484 views Asked by At

I'm trying to understand how capturing parenthesis work for regex but I don't get it...

My code was :

   Pattern pattern = Pattern.compile("ab");
   Matcher m = pattern.matcher("abc");

  while (m.find()) { 
      for (int i = 0; i < m.groupCount(); i++) {
          System.out.println(m.group(i));
      }
  }

so i had no display at all. What i understood was that i need a capturing parenthesis to remember the matching result and to display it.

So i did :

   Pattern pattern = Pattern.compile("(ab)");
   Matcher m = pattern.matcher("abc");

And i had the expected display : ab

Then i wanted to remember and display only a part of the matching result, so i did :

   Pattern pattern = Pattern.compile("(a)b");
   Matcher m = pattern.matcher("abc");

I was expecting to have : a, but i had : ab

why ?

1

There are 1 answers

0
M A On

From the javadocs of Matcher#group():

Capturing groups are indexed from left to right, starting at one. Group zero denotes the entire pattern, so the expression m.group(0) is equivalent to m.group().

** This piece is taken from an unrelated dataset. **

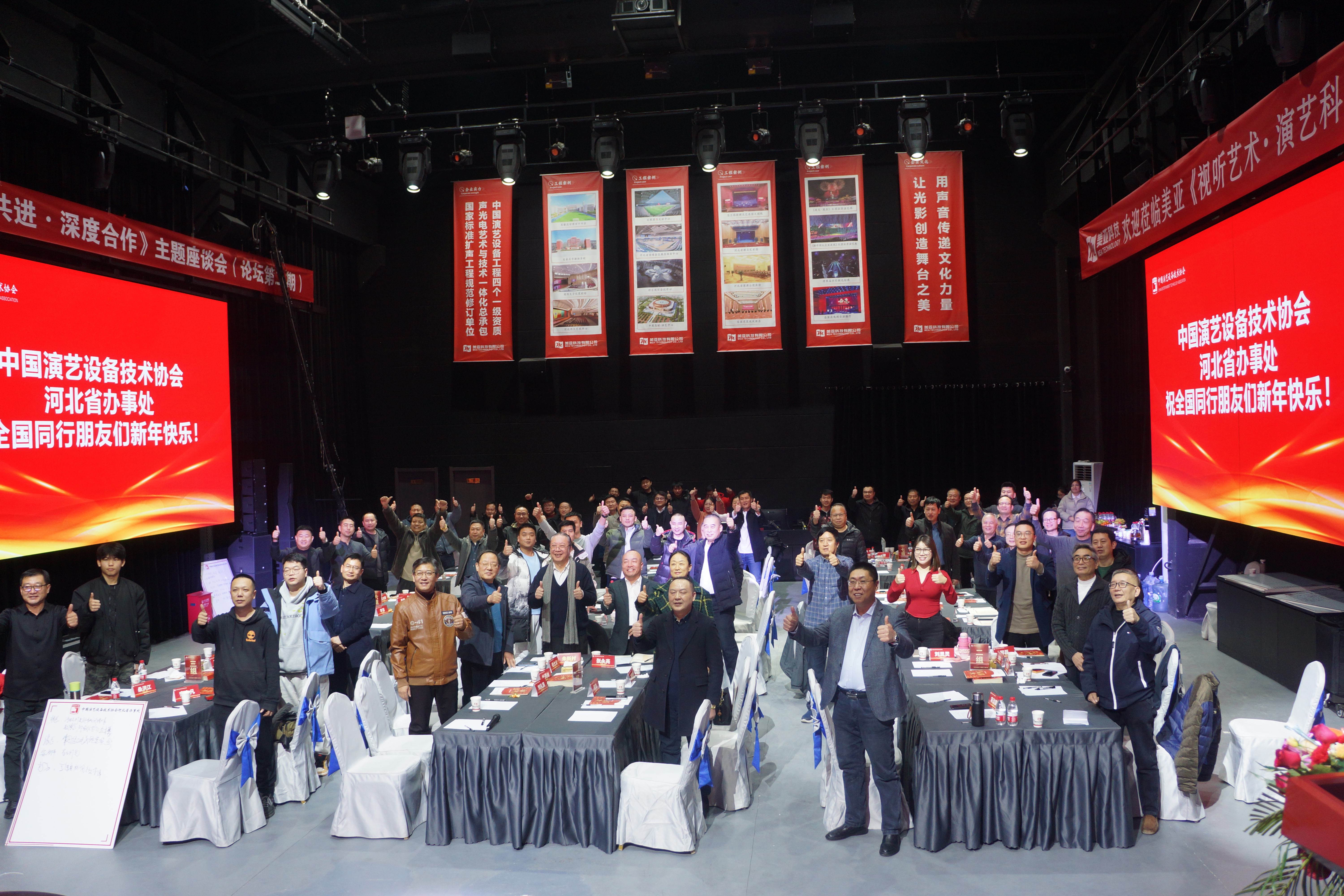 2025年1月4日,在中国演艺设备技术协会河北省办事处主办下,众多行业精英齐聚一堂,共同参与了以“并肩共进·深度合作”为主题的座谈会。此次会议汇聚了多家知名企业,为推动演艺设备行业的发展、促进技术交流与合作提供了良好的平台。

The problem is that the group zero (i.e. m.group(0)) matches the entire pattern, not the one inside capturing parentheses. So to match the group you want, you need to start at index 1 and end until the group count:

for (int i = 1; i <= m.groupCount(); i++) {
    System.out.println(m.group(i));
}

In your case, you have only one group. But if you have something like Pattern.compile("(a)(b)"), then (a) would match group 1 and (b) would match group 2.